Semi-Automatic Data Annotation guided by Feature Space Projection
This work addresses the data annotation bottleneck for machine learning practitioners, offering an incremental improvement by combining human and machine abilities.
The paper tackles the laborious problem of data annotation by introducing a semi-automatic approach that uses feature space projection and semi-supervised learning to reduce user effort and improve classification accuracy, validated on MNIST and a challenging human intestinal parasite dataset with results showing increased effectiveness.

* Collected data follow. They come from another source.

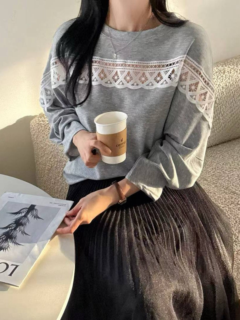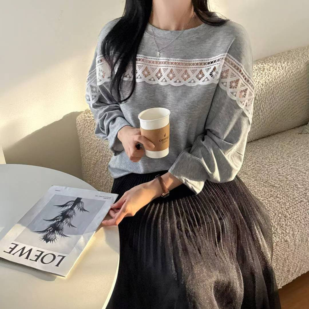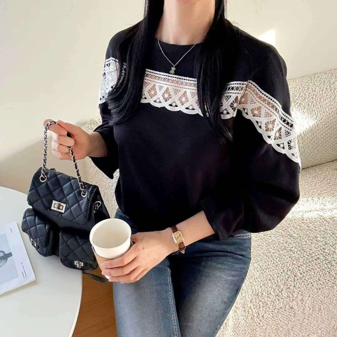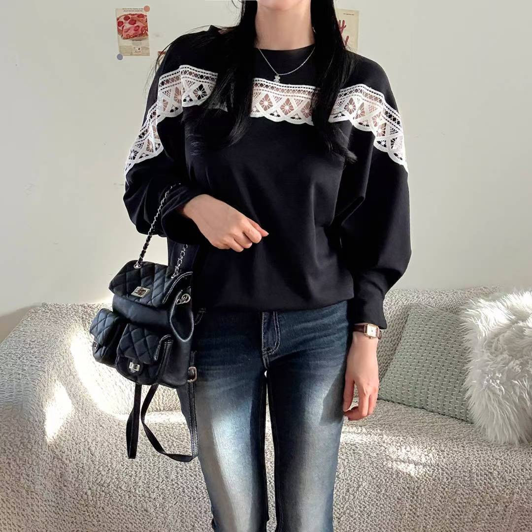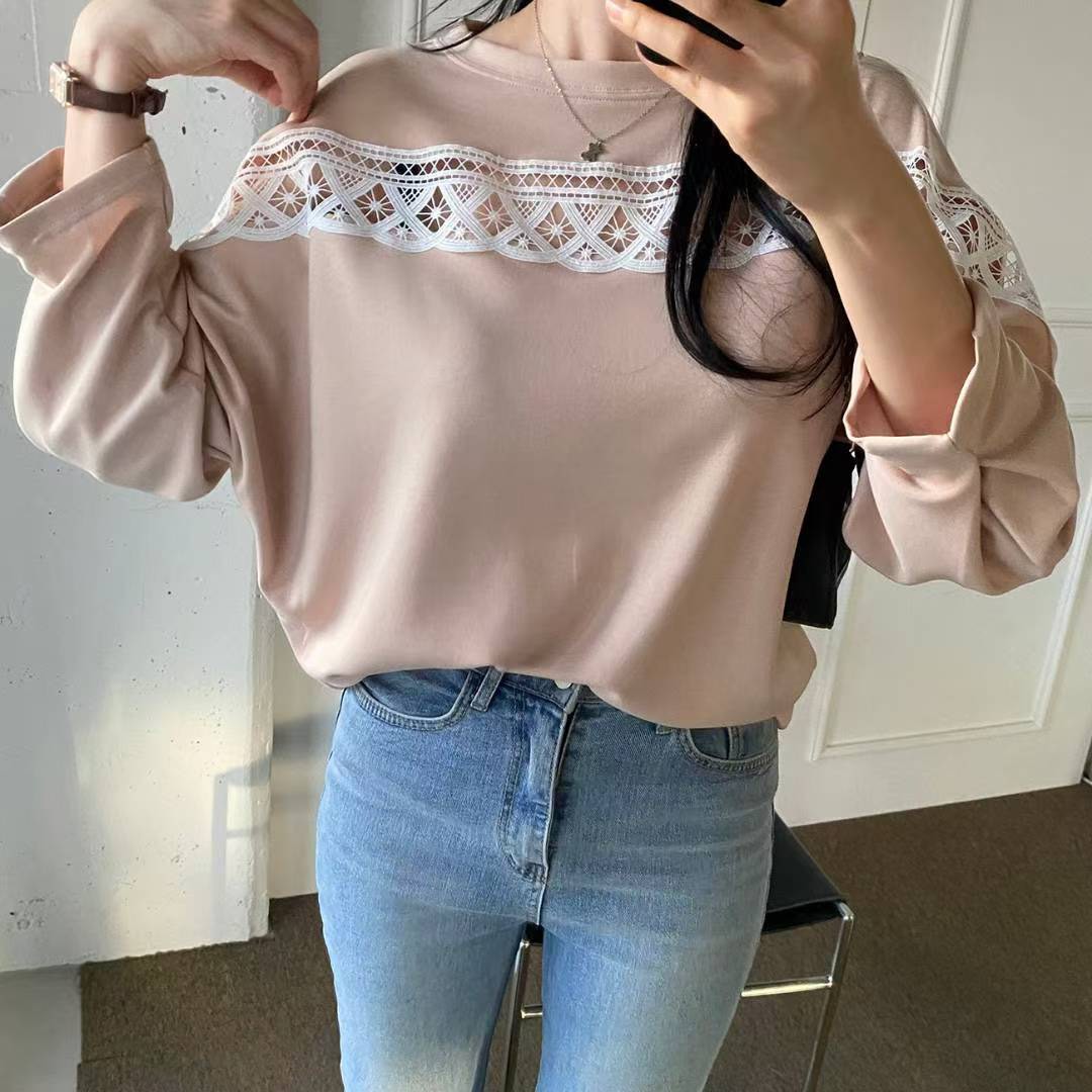 10B107 中拼布蕾絲舒服綿上衣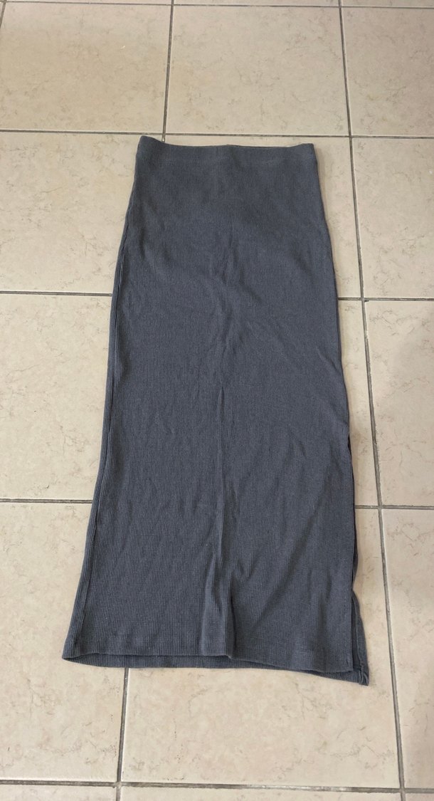 Sentetik kumaştan, drapeli tasarıma sahip, gri uzun ve vücuda oturan kadın eteği, sade ve minimalist tarzda, günlük kullanım için uygundur.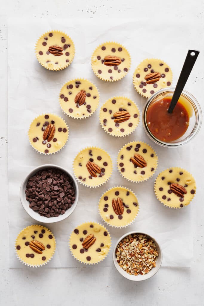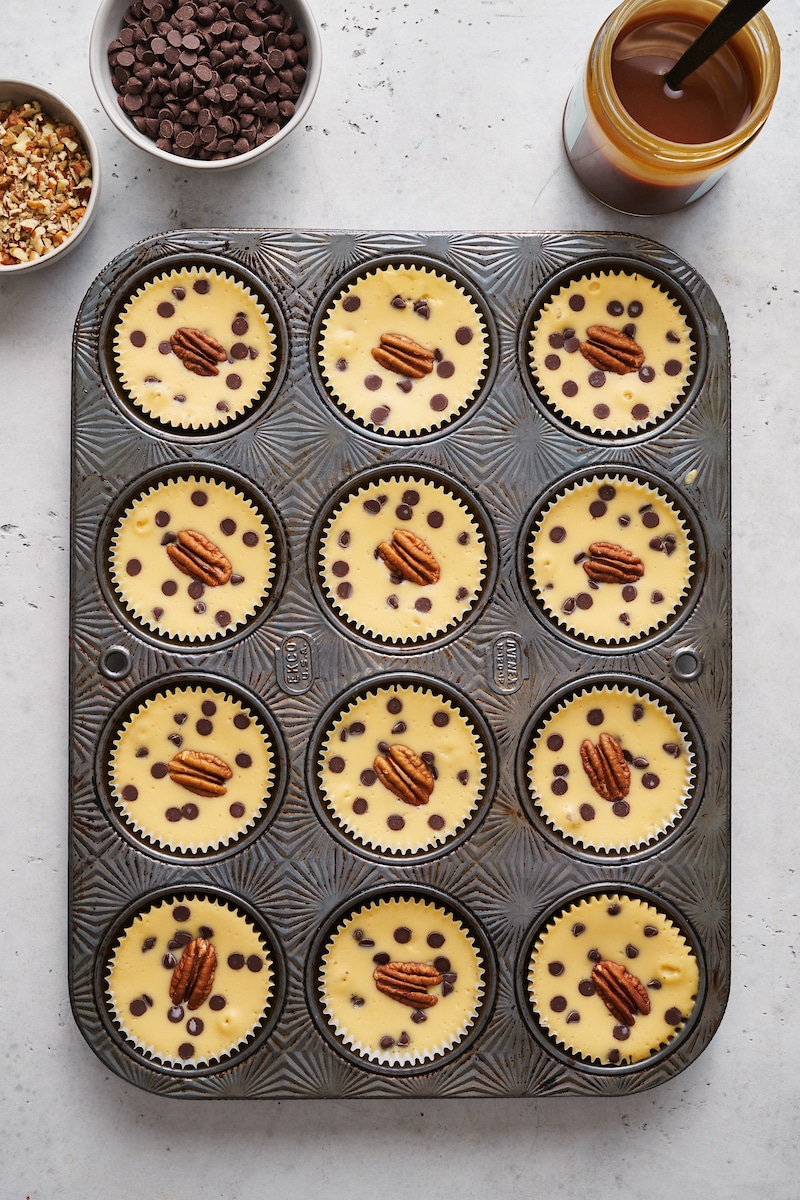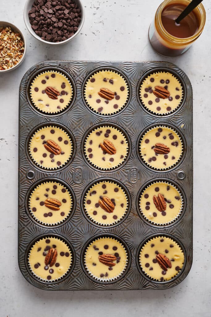 - Add the Batter to the Pan: Divide the cheesecake batter evenly among the prepared cups. Top each mini cheesecake with a pecan and a few mini chocolate chips.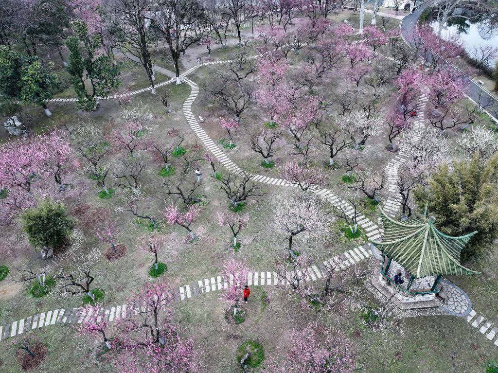 近日,游客在湖北省武汉市青山公园赏花游玩(无人机照片)。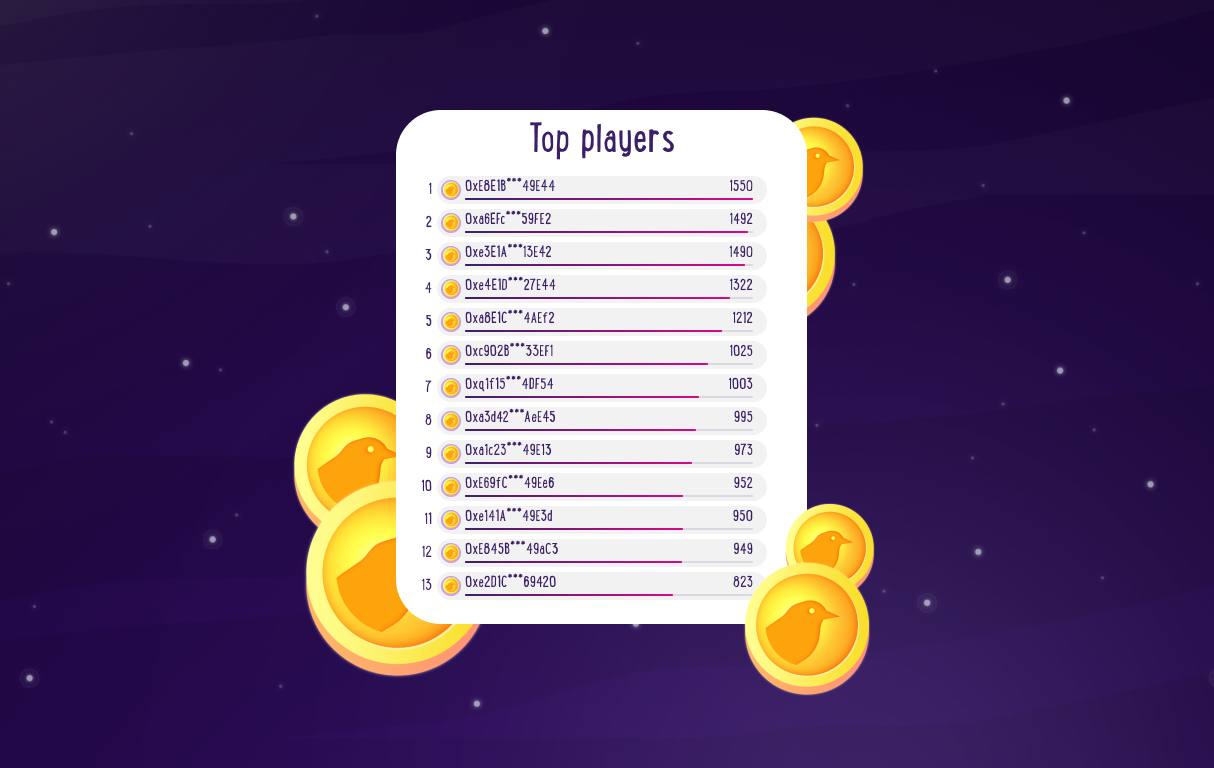 Throughout the day, a rating will be formed from the results of the players. At 00:00 UTC, the rating will be reset and the top 13 players will receive the prize pool.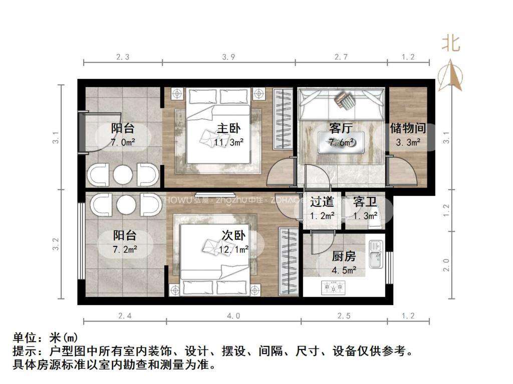 厅室2室1厅1卫1阳台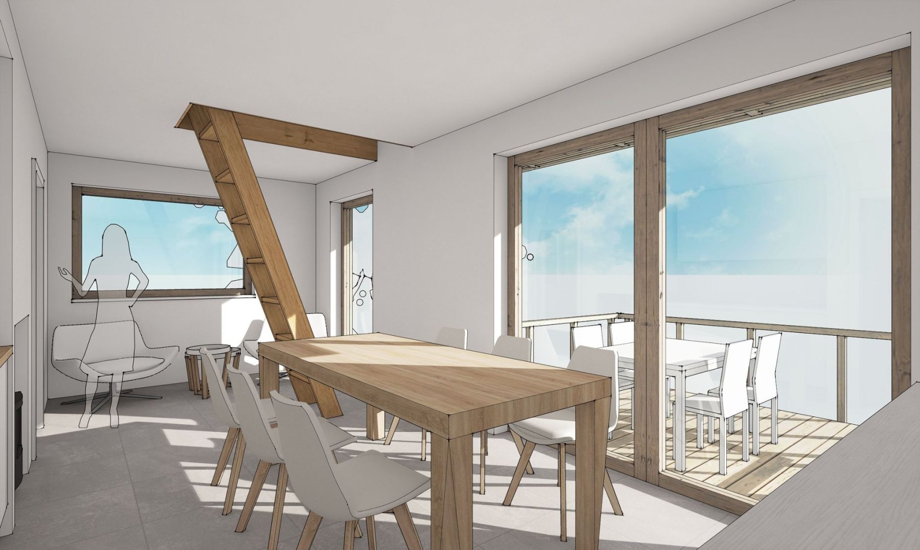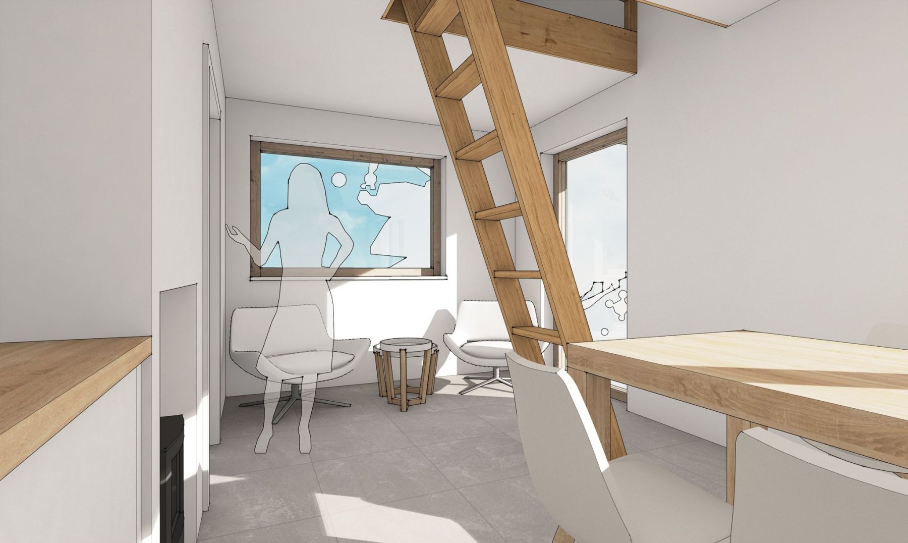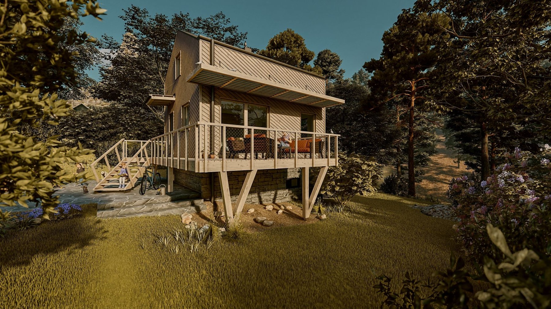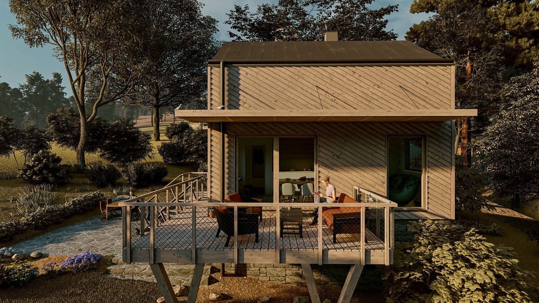 Obytné prostory se nachází ve zvýšeném přízemí a podkroví. Obývací pokoj s kuchyňským koutem, jídelnou a obývací částí nabízí krásný výhled do krajiny skrz velkou prosklenou stěnu. Ta v létě umožňuje prostor otevřít a propojit s terasou. Je tak další místností chaty.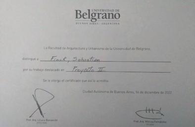 El Proyecto fue reconocido por la Universidad de Belgrano en el año 2022.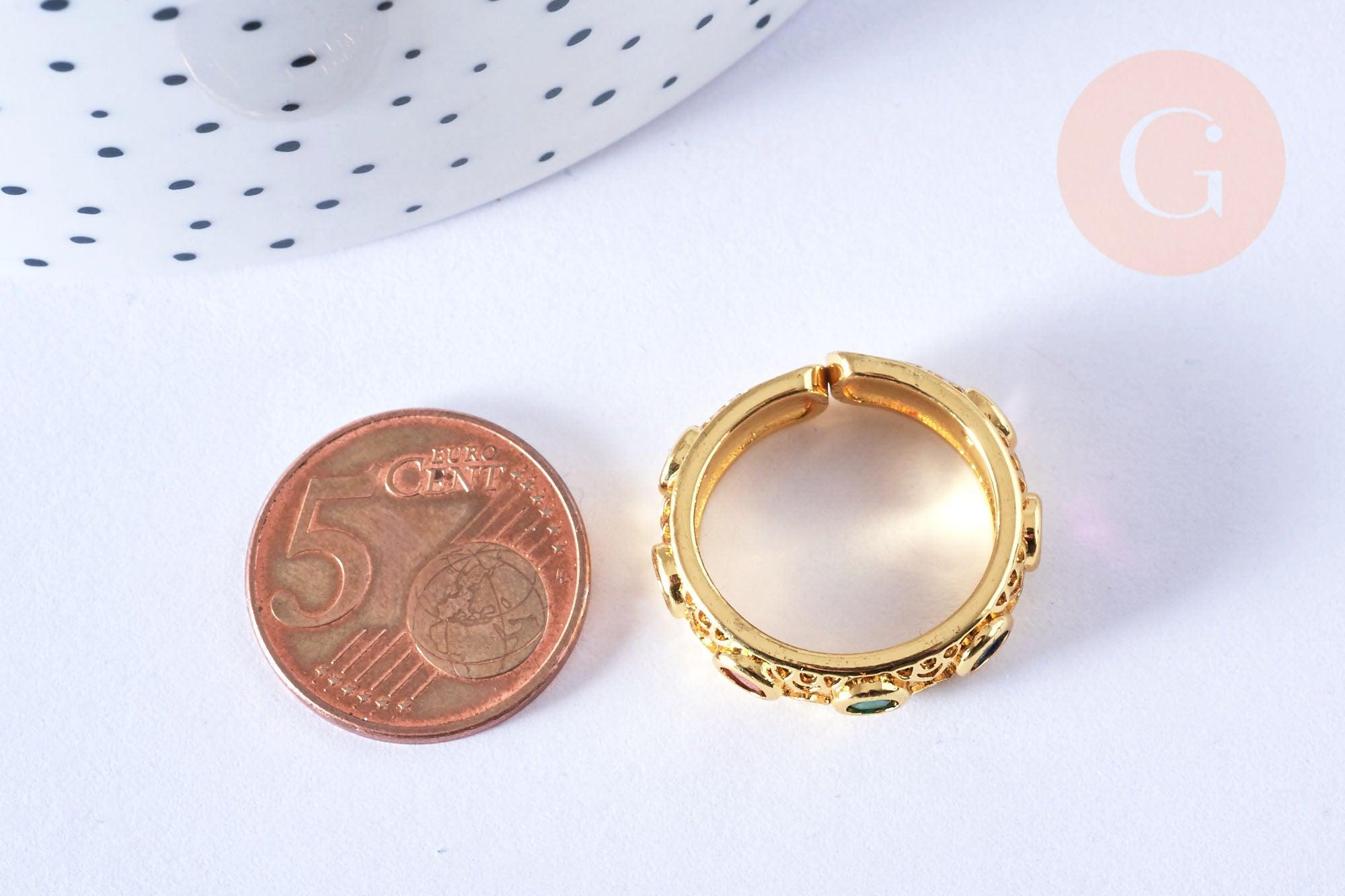 Bague réglable dorée 18k zircons colorés 18.5mm, x1 (G6885)
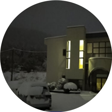 ※本社所在地、岐阜県美濃市の冬は時に豪雪で埋もれてしまいます。足跡ない雪景色。多くの研究員が協力して1日24時間の効率化を進めております。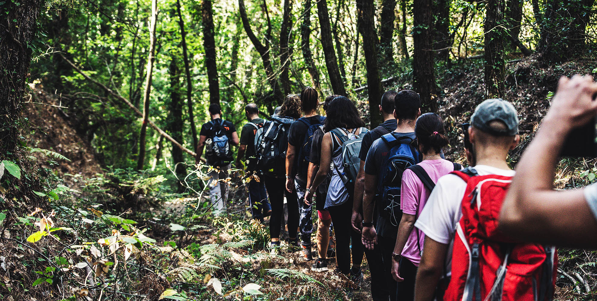 Πεζοπορία στο μονοπάτι με την οργιώδη βλάστηση και τα πανύψηλα δέντρα του δάσους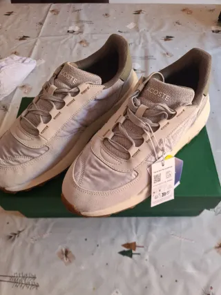 Zapatillas deportivas de la marca Lacoste en tonos beige y blanco. - Diseño moderno y versátil. - Detalles de la marca visibles.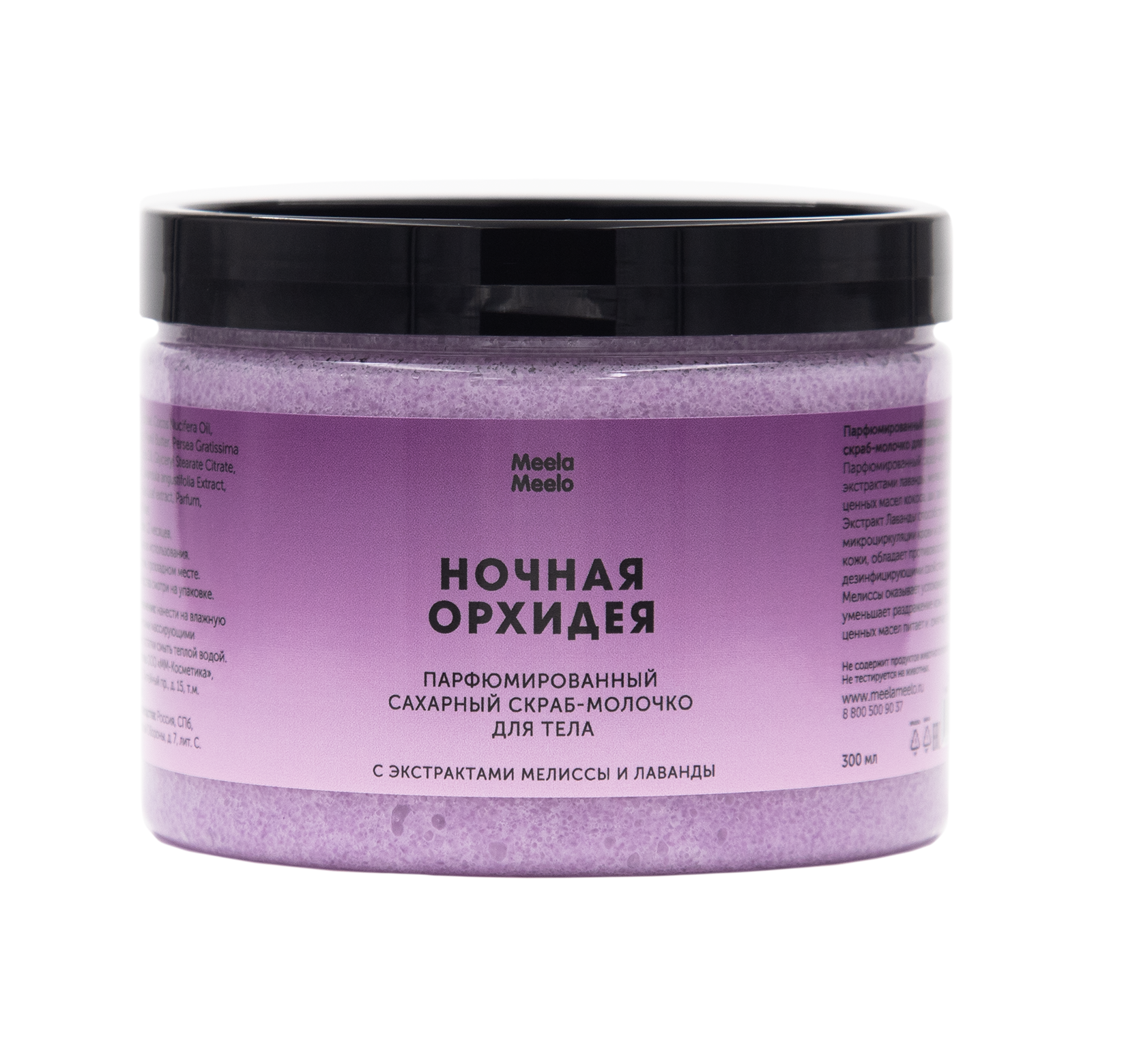 Парфюмированный скраб-молочко для тела с экстрактами лаванды, мелиссы и комплексом ценных масел кокоса, ши, авокадо, миндаля.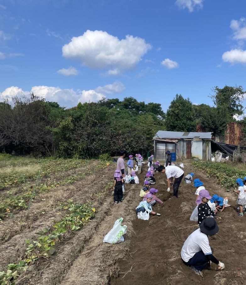 近くの農家さんの畑で、つばめ(年中)組とはくちょう(年長)組が掘ってきました!!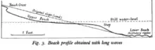 One of the many articles Sweeting published was Wave-Trough Experiments on Beach Profiles. In 1834, H.R. Palmer was the first person to study the connection between wave frequency and beach configuration. It was hard to distinguish whether the beach profiles were in fact due to wave frequency or just a result from natural conditions so experiments were performed in the Physical Geography Laboratory of the Cambridge Geography Department. Figure 3 shows the effects of long waves (low frequency) on beach configuration and figure 4 shows the effects of short waves (high frequency) on beach configuration.[21] Sweeting concluded that although many factors affect beach configuration such as the composition of the beach and the angle of which it lays at, frequency of waves does in fact play the biggest role. This is because there is a notable and evident relationship existing between wave action and beach profile. Rock and land configuration are heavily affected by catastrophic and uniform events. The wave model created by Sweeting showcases two beach profiles, destructive and constructive. The latter were high frequency waves and the former due to low, This was a crucial geological finding because using the landscape or configuration of the beach, past events and happenings could be revealed. Essentially, the contribution and correspondence of wave frequency with beach profile was incredible research which enhanced Sweeting’s success in Geology [21]

Data annotation using visual inspection (supervision) of each training sample can be laborious. Interactive solutions alleviate this by helping experts propagate labels from a few supervised samples to unlabeled ones based solely on the visual analysis of their feature space projection (with no further sample supervision). We present a semi-automatic data annotation approach based on suitable feature space projection and semi-supervised label estimation. We validate our method on the popular MNIST dataset and on images of human intestinal parasites with and without fecal impurities, a large and diverse dataset that makes classification very hard. We evaluate two approaches for semi-supervised learning from the latent and projection spaces, to choose the one that best reduces user annotation effort and also increases classification accuracy on unseen data. Our results demonstrate the added-value of visual analytics tools that combine complementary abilities of humans and machines for more effective machine learning.